WORK INSTRUCTIONS ▸ Only one span of the listing below should come back. It runs from the line with "Cara & The Sky" through the line with "GOES衛星の太陽X線強度。赤・橙 = 0.1〜0.8", and each of its lines must be reproduced exactly.

ENTRIES SHOWN ▸
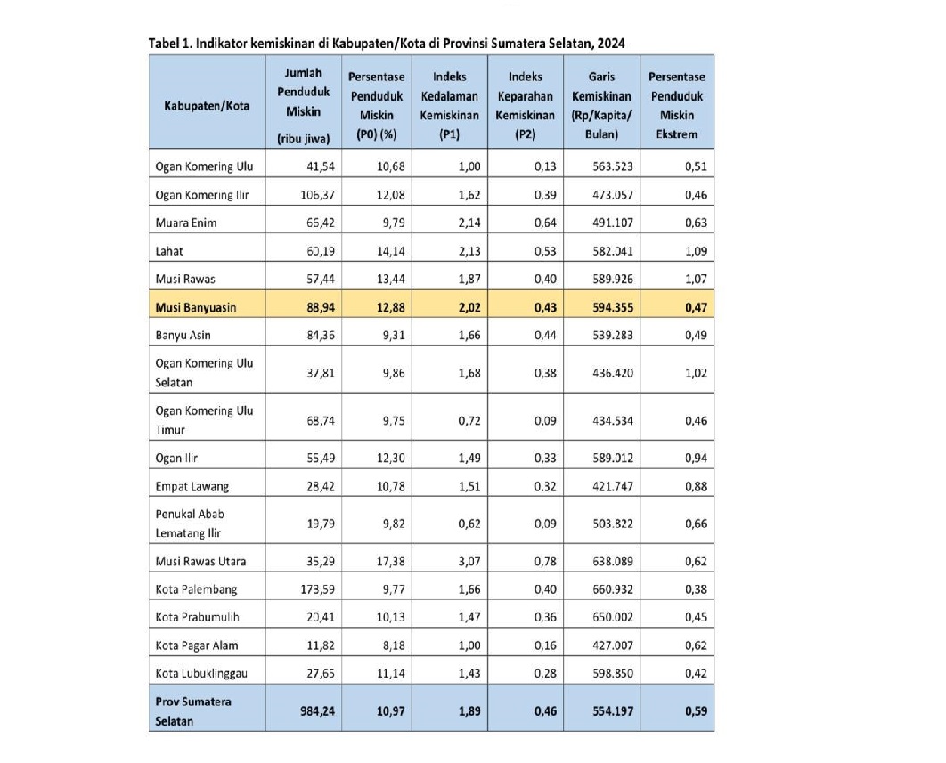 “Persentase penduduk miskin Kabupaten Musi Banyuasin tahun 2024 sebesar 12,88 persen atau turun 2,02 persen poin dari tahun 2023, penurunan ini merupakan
--
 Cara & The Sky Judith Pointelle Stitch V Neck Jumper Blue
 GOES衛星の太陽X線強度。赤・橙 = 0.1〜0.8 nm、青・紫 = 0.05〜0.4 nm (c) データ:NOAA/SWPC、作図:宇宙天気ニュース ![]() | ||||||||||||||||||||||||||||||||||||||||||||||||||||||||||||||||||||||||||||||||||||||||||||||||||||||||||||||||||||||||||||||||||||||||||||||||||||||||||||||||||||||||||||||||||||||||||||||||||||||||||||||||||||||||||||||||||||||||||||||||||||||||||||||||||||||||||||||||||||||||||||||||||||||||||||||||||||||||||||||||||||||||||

SOLUTION TO THE EXERCISE ▸
 Cara & The Sky Judith Pointelle Stitch V Neck Jumper Blue
 GOES衛星の太陽X線強度。赤・橙 = 0.1〜0.8 nm、青・紫 = 0.05〜0.4 nm (c) データ:NOAA/SWPC、作図:宇宙天気ニュース ![]() | ||||||||||||||||||||||||||||||||||||||||||||||||||||||||||||||||||||||||||||||||||||||||||||||||||||||||||||||||||||||||||||||||||||||||||||||||||||||||||||||||||||||||||||||||||||||||||||||||||||||||||||||||||||||||||||||||||||||||||||||||||||||||||||||||||||||||||||||||||||||||||||||||||||||||||||||||||||||||||||||||||||||||||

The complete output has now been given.